压缩计数器（de）看起来像什么？@无用我添加了一个伪代码，说明了（de）的含义压缩计数器。@TomdeGeus为什么步长值60被删除而不是20？这是打字错误还是我误解了算法？哦，所以你不想对源进行线性扫描，将平面索引转换为n维坐标，对吧？但这不是最有效的吗？@Darhuukrstrides
包含strid因为它的形状是{2,4,5}
它的跨步应该是{rshape[1]*rshape[0]，rshape[0]，1}=={20,5,1}
。我添加了一些评论来强调这一点。这非常聪明，正是我要寻找的。我想我理解正在做的事情，但作为将来的参考，我确实认为这篇文章将受益于对ni
@TomdeGeus添加的解释。：）我找到了打破它的方法；）（）。然而，我不明白它为什么会被破坏…@TomdeGeus有趣的是，你方出现了一个小错误（使用MAX_DIM
而不是m_ndim
），我的错误更为严重（正确的偏移量计算）。我修复了答案，修复的代码是。无论如何，即使复杂度相当（在第一个完整的张量中迭代一次），另一个答案应该更好，缓存方面。感谢修复！

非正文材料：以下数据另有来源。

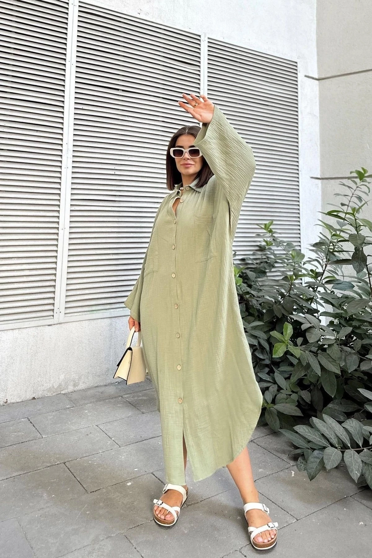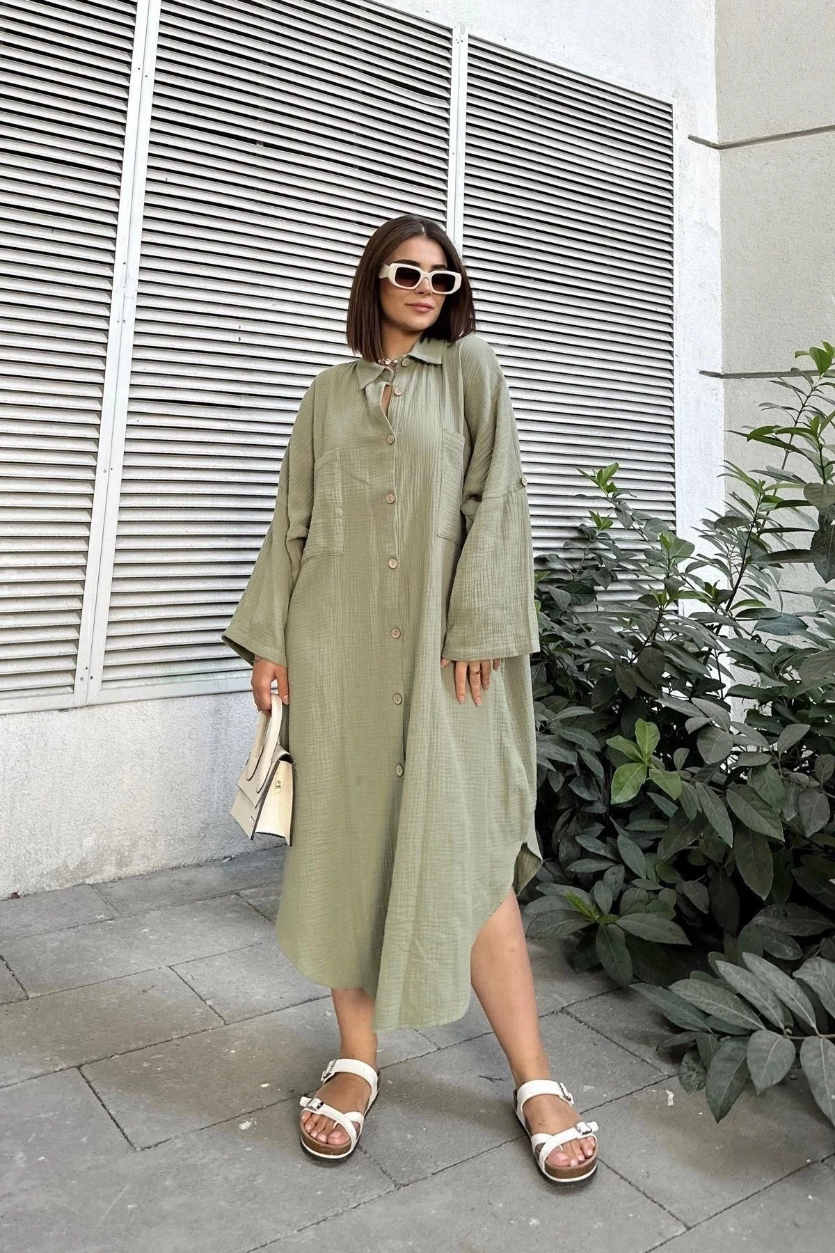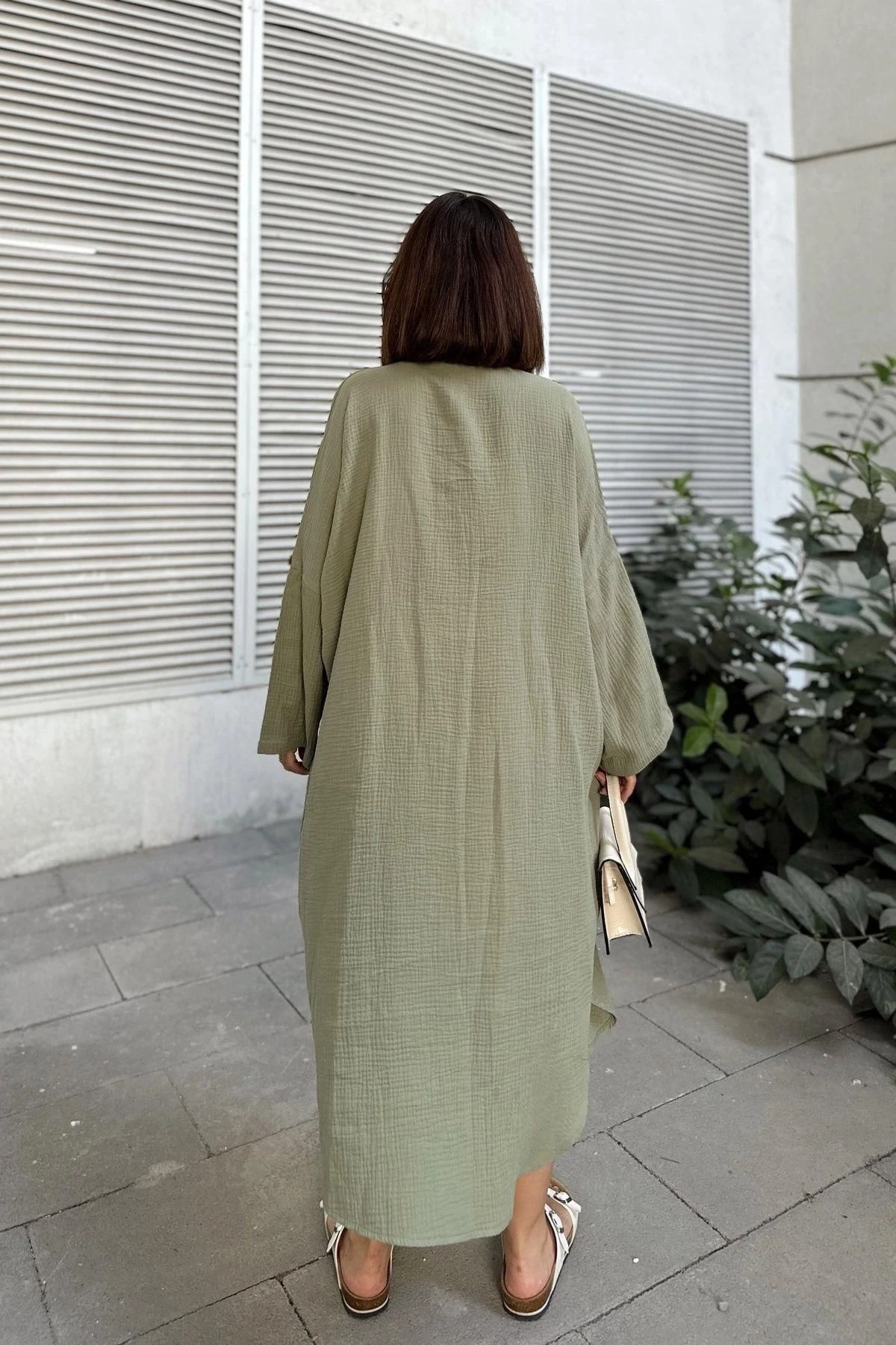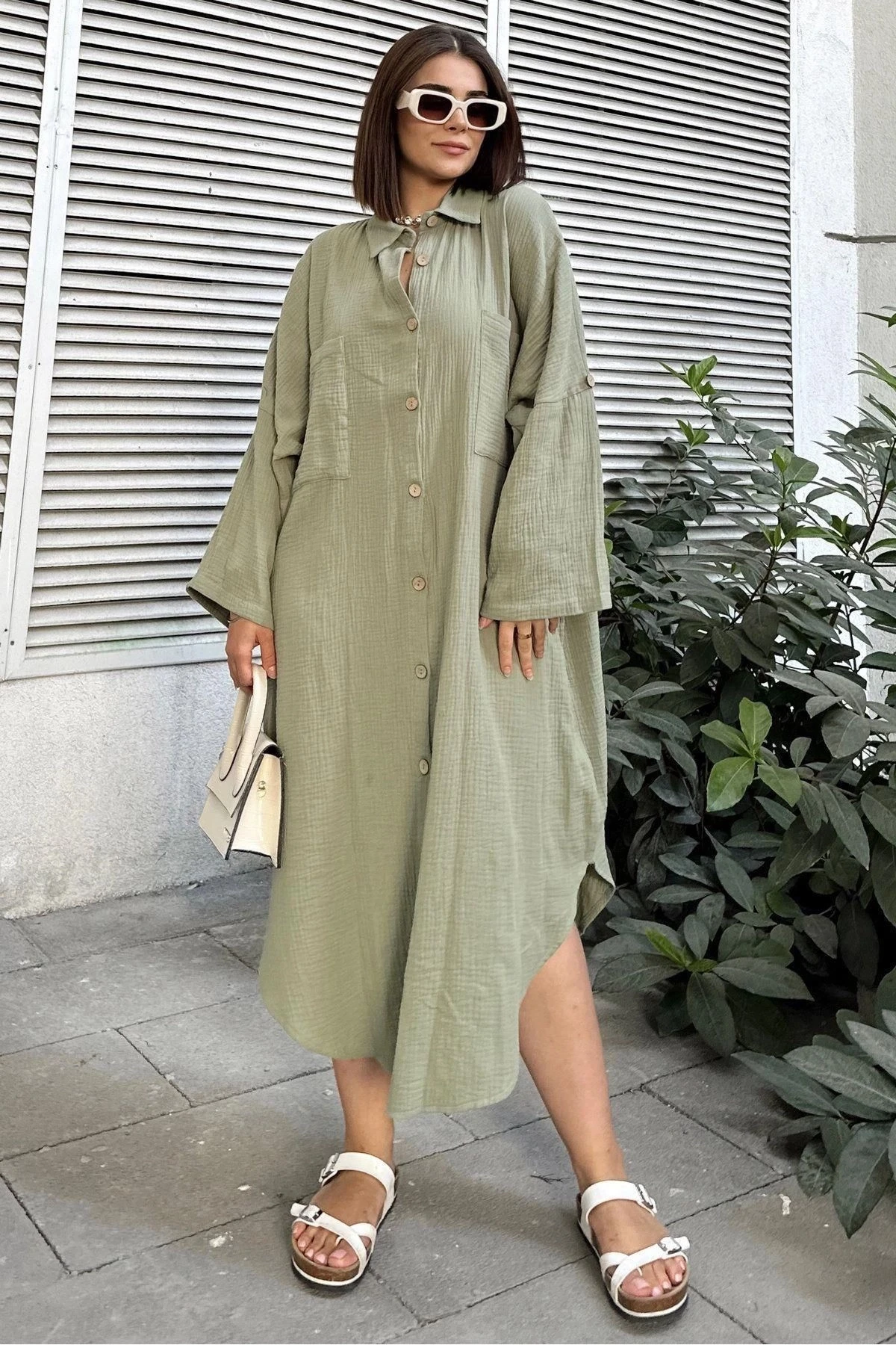 Kadın Haki Muslin Kumaş, Yarasa Kol, Eteği Oval, Çift Cepli, Uzun Oversize Salaş Gömlek Elbise
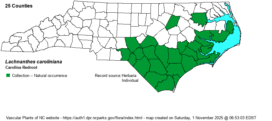 | Taxonomic Comments | This is a monotypic genus, with no other Lachnanthes species. There has been confusion or controversy about the specific epitaph spelling. Weakley (2018) mentions that it was originally written as "caroliana" when described, but this seems to be a spelling error that is correctable. So, some references use L. caroliana but apparently L. caroliniana is the correct spelling, as so many other species are named with this epitaph.

事实上，我希望在我的非现场实现中，MAX\u DIM
和m\u ndim
是等效的，因为我会一直走到MAX\u DIM。
(0,0,0) 5
(0,0,1) 5
(0,0,2) 5
(0,0,3) 5
(0,0,4) 5
(0,1,0) 5
(0,1,1) 5
(0,1,2) 5
(0,1,3) 5
(0,1,4) 5
(0,2,0) 5
(0,2,1) 5
(0,2,2) 5
(0,2,3) 5
// ...

 adjusted_strides[0] = shape[0]*shape[1]*shape[2]*shape[3];
 adjusted_strides[1] = shape[1]*shape[2]*shape[3];
 adjusted_strides[2] = shape[2]*shape[3];
 adjusted_strides[3] = shape[3];
 adjusted_strides[4] = 1;

  size_t cmp_axis = 1, axis_count = sizeof shape/ sizeof *shape;
  std::vector<size_t> adjusted_strides;
  //adjusted strides is basically same as strides
  //only difference being that the first element is the 
  //total number of elements in the n dim array.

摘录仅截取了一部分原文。